Abstract

The cell wall of Chlorella is composed of up to 80% carbohydrates including cellulose. In this study, Chlorella homosphaera and Chlorella zofingiensis were evaluated as source of fermentable sugars via their cell wall enzymatic degradation. The algae were cultivated in inorganic medium, collected at the stationary growth phase and centrifuged. The cell pellet was suspended in citrate buffer, pH 4.8 and subjected to 24 hours hydrolysis at 50°C using a cellulases, xylanases, and amylases blend. The measurement of glucose and reducing sugars concentration in the reaction mixture supernatant, on a dry biomass base, showed hydrolysis yields of 2.9% and 5.03% glucose and 4.8% and 8.6% reducing sugars, for C. homosphaera and C. zofingiensis, respectively. However if cells were washed with chilled ethanol, cold dried, and grounded the biomass hydrolysis yields increased to 23.3% and 18.4% glucose and 24.5% and 19.3% reducing sugars for C. homosphaera and C. zofingiensis, respectively.

1. Introduction

The commitment of several nations to reduce the carbon dioxide emissions has given a great impulse to the development of alternative energy sources not based on fossil sources but rather on renewable resources. Plants and algae are good candidates, as alternative energy sources, as they obtain their energy from the sunlight and build up their biomass by removing carbon dioxide from atmosphere through photosynthesis. In this way, any time a fuel originated from plants or algae is burnt, the carbon dioxide emitted is the very same that was previously removed by those organisms. However, differently from plants, algae cultivation does not compete for land crop occupation. Microalgae are particularly attractive as they are photoautotrophic organisms that grow in simple inorganic medium and contrary to higher plants, each cell is photosynthetically competent so that the amount of carbon dioxide fixed is much higher in a biomass base [1]. Moreover, its cell wall structure does not present lignin, which can be advantageous to the enzymatic hydrolysis of its polysaccharide components [2].

Considering the structure of the cell wall, some Chlorella species possess an outer cell wall layer and an inner cell wall layer, while other species present only the inner cell wall layer [3]. The outer cell wall layer consists of two types of ultrastructure.

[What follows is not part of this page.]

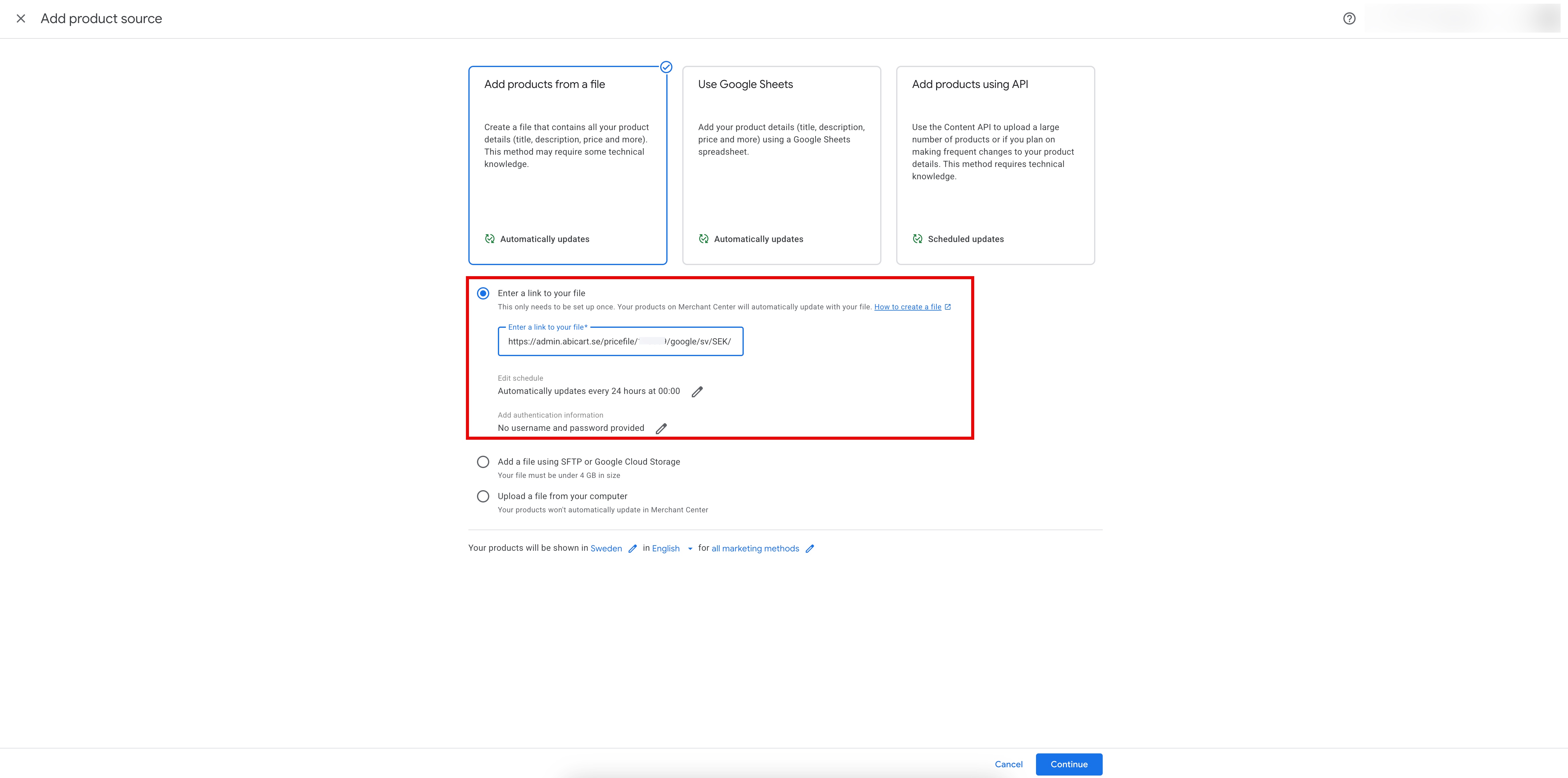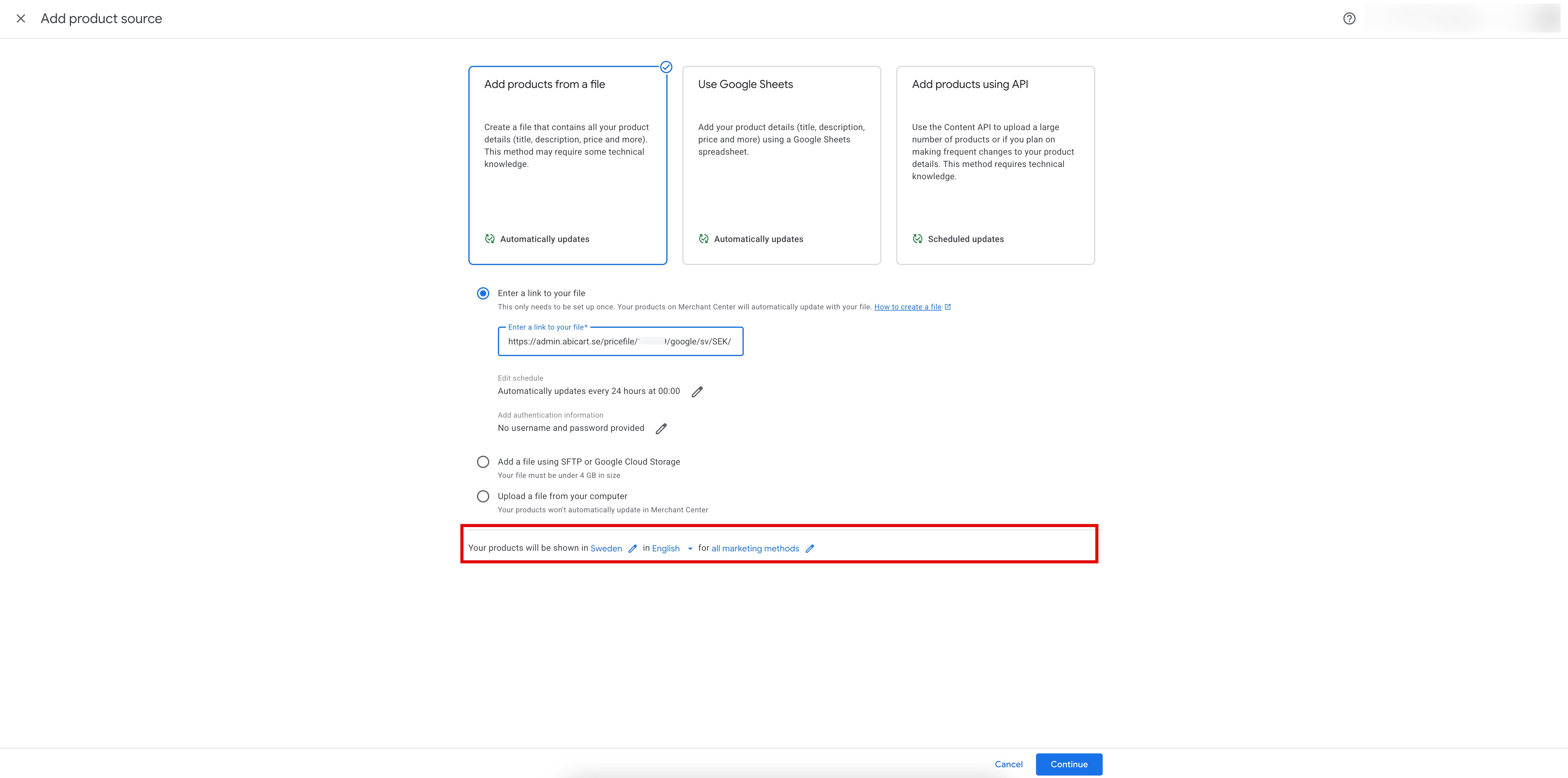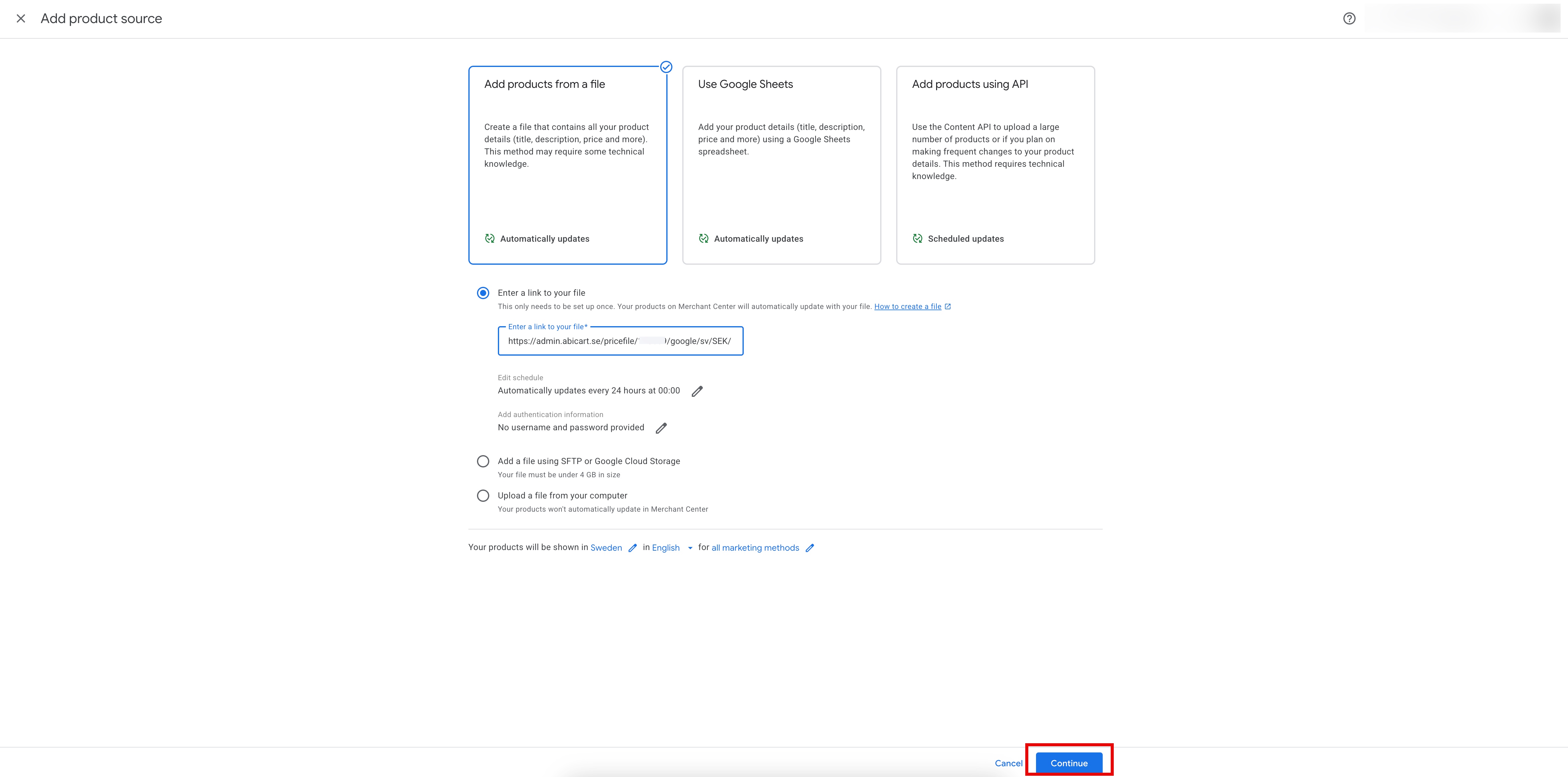 - Add the scheduled feed to your Google Merchant Center account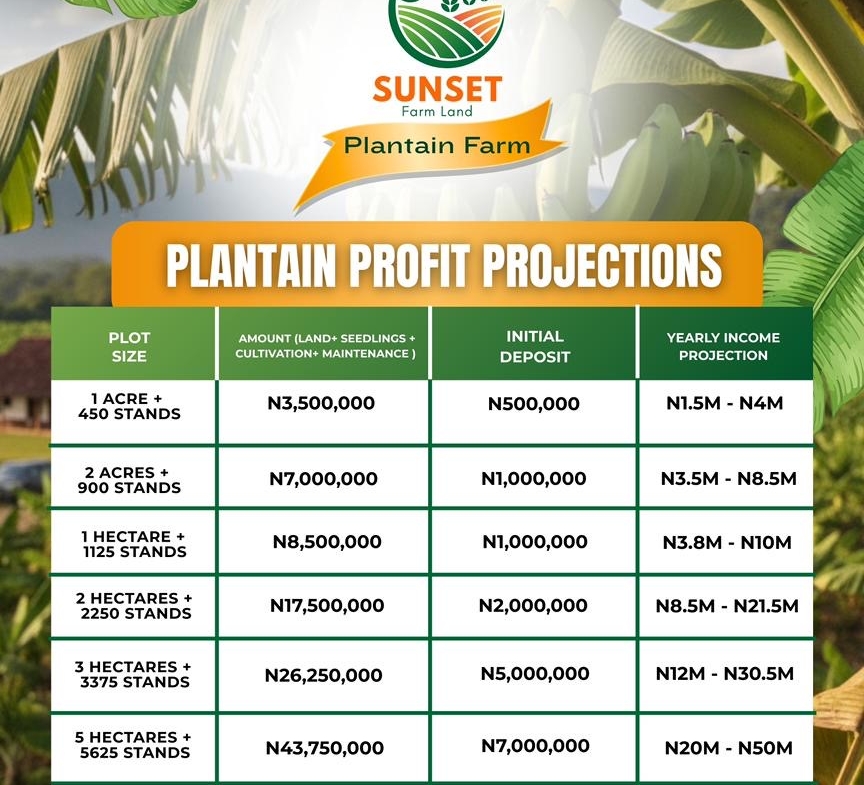 Secure your Acres/ Hectares and grow your wealth in agriculture with Sunset Plantain Farm today.

In the first one it is observed a trilaminar structure and the presence of algaenan which is a highly resistant, nonhydrolyzable aliphatic biopolymer composed of long-chain even-carbon-numbered ω9-unsaturated ω-hydroxy fatty acid monomers varying in chain length from 30 to 34 carbon atoms. These monomers are intermolecularly ester linked to form linear chains in which the unsaturations act as the starting position of ether cross-linking [46]. The second type of outer cell wall layer shows a homogeneous ultrastructure and as such, the trilaminar layer and algaenan are absent [6, 7]. C. zofingiensis and C. homosphaera are amongst those species that possess trilaminar layer and possibly algaenan in their cell wall [6, 8]. The inner cell wall layer shows high cellulose content [9, 10] and is prone to chemical and enzymatic degradation. It is composed of a matrix and a rigid fibrillar structure, which was called by Takeda and Hirokawa “rigid cell wall” [11]. The matrix is soluble in alkalis and trifluoroacetic acid while the so-called “rigid cell wall” is hydrolyzed upon HCl or H2SO4 treatment.

The sugar composition of the algae cell wall has been studied. The cell wall of microalgae belonging to the Chlorophyte division may reach up to 80% in carbohydrate content, as is the case for Chlorella fusca [12]. The composition and the cell wall structure is species dependent and may be used as taxonomical markers [1315]. As such, the genus Chlorella comprises of species in which the “rigid cell wall” is composed of polysaccharides formed mainly by glucose and mannose and those in which this structure is composed of polysaccharides formed mainly by glucosamine. The sugar composition of the cell wall matrix of the first group is dominated by mannose and fucose whereas in the second group galactose, fucose, and sometimes xylose are the main sugars found [11, 13, 14]. The cell wall sugar composition of C. zofingiensis is 70% glucose and 30% mannose in its “rigid cell wall” and 65% mannose, 30% glucose, plus minor amounts of rhamnose and galactose in its matrix cell wall [14]. Concerning cell wall sugar composition of C. homosphaera, whose synonymy with Chlorella minutissima has been recently established [8], it presents 85% glucose 15% mannose in its “rigid cell wall” and 70% mannose, 20% glucose, and 10% galactose in its matrix cell wall [14].

Accordingly, Chlorella cell wall is a good source of fermentable sugars, mostly cellulose derived, not to mention its starch content [16], provided these polysaccharides are properly hydrolyzed.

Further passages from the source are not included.